I'm thinking of trying some of this bean having missed out on it when Londinium had it.

Can anyone advise what it is like please? I'd be drinking it as a straight espresso, so am interested to know what its like without milk and whether its low in acidity as I'm not a lover of acidic flavours for espresso.


----------



## DavecUK (Aug 6, 2013)

A high grade Malawi Geisha is probably a better bet if you can get it.


----------



## CamV6 (Feb 7, 2012)

Interesting.......why is that?


----------



## DavecUK (Aug 6, 2013)

CamV6 said:


> Interesting.......why is that?


 Becauseit will taste better....Most Malawi Coffee is Catimor an Arabica/Robusta Hybrid, it's an inferior coffee, but has high yield. There is some SL28 (a Kenyan Bourbon mutation) grown, there (which is decent quality)and sometimes you get a mix of Catimor and SL28 in Pamwamba. The Ethiopian Geisha varietal is better quality, commands a higher price, but is not the bulk of what is produced in Malawi. it's why I was so pleased to be able to get the Malawi geisha in the current BB bulk buy. I had the Pamwamba a few times, but always found it slightly disappointing in the cup, even the top quality grades.


----------



## CamV6 (Feb 7, 2012)

I see thanks David


----------



## DavecUK (Aug 6, 2013)

CamV6 said:


> I see thanks David


No problem, if your interested in finding out more

Clarification: Catimor is a Hybrid of Timor (arabica Robusta hybrid) and Caturra (a high yielding but pooror quality Bourbon Hybrid).

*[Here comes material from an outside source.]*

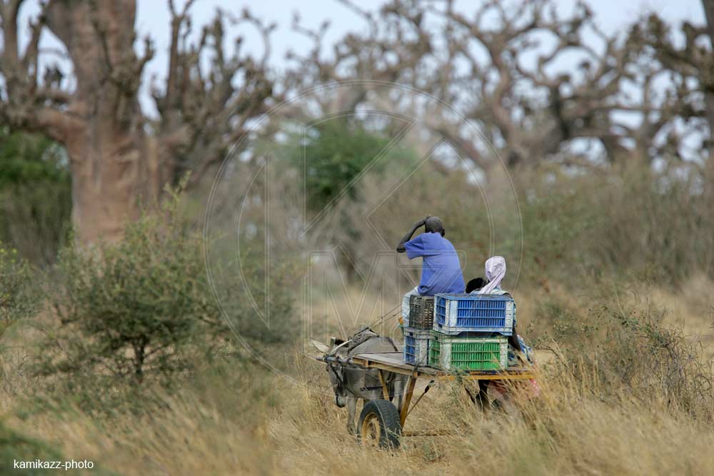Charrette devant une forêt de Baobabs, région de Thiés

SL28: the SL stands for Scott Laboratories

http://www.crf.co.ke/index.php?option=com_content&view=article&id=112:coffee-varieties&catid=14:crf&Itemid=178

http://en.wikipedia.org/wiki/List_of_coffee_varieties


----------



## Scotford (Apr 24, 2014)

Wow, you really do learn something new every day! Thanks DavecUK


----------